Podcasts from the website TheResusRoom.co.uk Promoting excellent care in and around the resus room, concentrating on critical appraisal, evidenced based medicine and international guidelines.TheResusRoom Hygiene & Healthy Living Physical Illness & Disease Science
Episodes
  • May 2026; papers of the month
    May 1 2026

    This month's Papers of the Month is a real mix of papers that challenge some of the things we think we know, whilst also highlighting just how important systems and processes are in improving patient care.

    We start with intracerebral haemorrhage and the tricky issue of blood pressure management. We've all been taught that early, aggressive blood pressure reduction is key, but this paper raises some important questions about whether we may sometimes be overshooting. It looks at whether rapidly driving the blood pressure down really improves outcomes, or whether going too low may actually be associated with harm.

    From there, we move into trauma, with a sobering look at the timing of deaths from uncontrolled haemorrhage. Despite all of the advances in trauma systems, blood products, haemostatic resuscitation and major trauma care, this paper suggests that the overall timing of haemorrhagic deaths has changed very little in the last 30 years. It is a stark reminder that bleeding remains one of the biggest challenges we face, and that there is still plenty of work to do if we want to reduce preventable deaths.

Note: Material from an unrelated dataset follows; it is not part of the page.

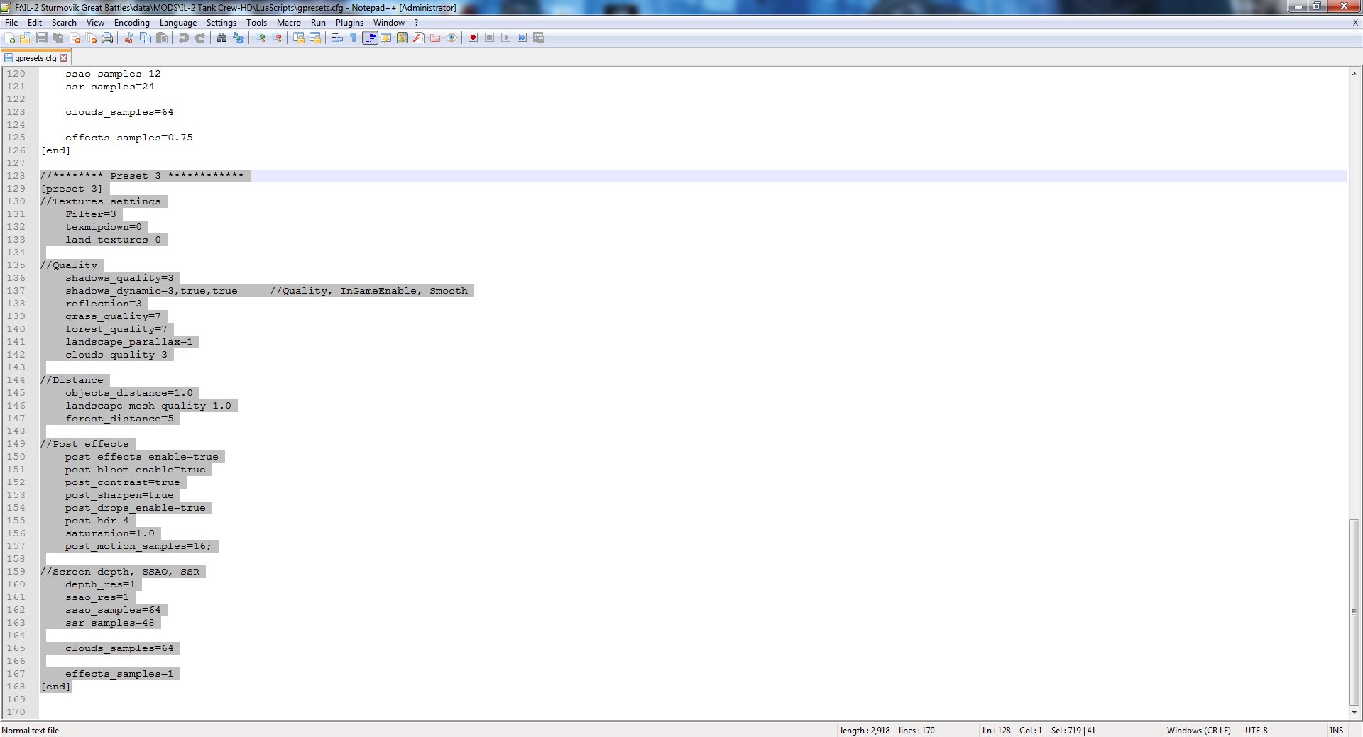 Draconus Posted July 11, 2020 Author Posted July 11, 2020 (edited) Hey everyone been busy like crazy all week wanted to get on here sooner but havent had the time ..... So im going to do couple write ups what can actually be messed with in Tank crew...first well start with basics and how to unpack the archives game has in GTP format There is a tool on the il 2 forums i found thatl unpack all of them into a (null) folder so you simply go in there will be sub folders in same files structure as ones in game directory you will also need JSGME mod loader to load the mod in that you are going to create...i do not recommend modding the game directly always create a mod and use the mod loader to laod the mod into game .....simple example were gona do for this example mod ... So first here is the il 2 gtp unpacker tool,place this into game directory drag/drop a gtp file over it to unpack it ...little window will pop up showing file being unpacked into (null)folder which will be sitting at top of the game directory.... IL-2 GTP Unpacker Zip ---------------------------------- unGTP-IL2.zip Here is example pic of how tool works when its unpacks the files ... Know here is JSGME Mod Loader which you will also need to mod game properly Dowload and place both jsgme files in game directory and start the mod loader ...a new folder will pop up in game directory called MODS...this is were all mods will be placed to load into game JSGME-Mod-Loader Zip JSGME-Mod-Loader.zip Know for this example were are going to create a simple mod called Graphic Improvements Go into MODS folder and create this folder...know back out to main game directory and find the scripts.gtp...drag it down to unpacker exe and itl unpack ...once done scrool above to top youl see the (null) folder Look in folder there will be luascripts folder....cut that and place into folder you created....Rename luascripts to LuaScripts so itl load into main lua scripts folder found in game directory open up the folder youl see this Know look for gpresets file and open it up using word pad ,notepad or c++ note pad(what i use ) Youl scroll down to preset 3 if you own high end system and select highest graphic preset its looks like this different stock values though which we will get into here Edited July 11, 2020 by Draconus

    Finally, we finish with something a bit different but arguably just as important: airway governance and quality improvement. This paper from Ireland looks at how a structured programme of airway training, governance, simulation and feedback can improve first-pass success and keep complication rates low. It's a really useful reminder that good outcomes are not just about kit and technical skills, but about systems, training, competency and making sure teams maintain currency through repeated exposure and practice.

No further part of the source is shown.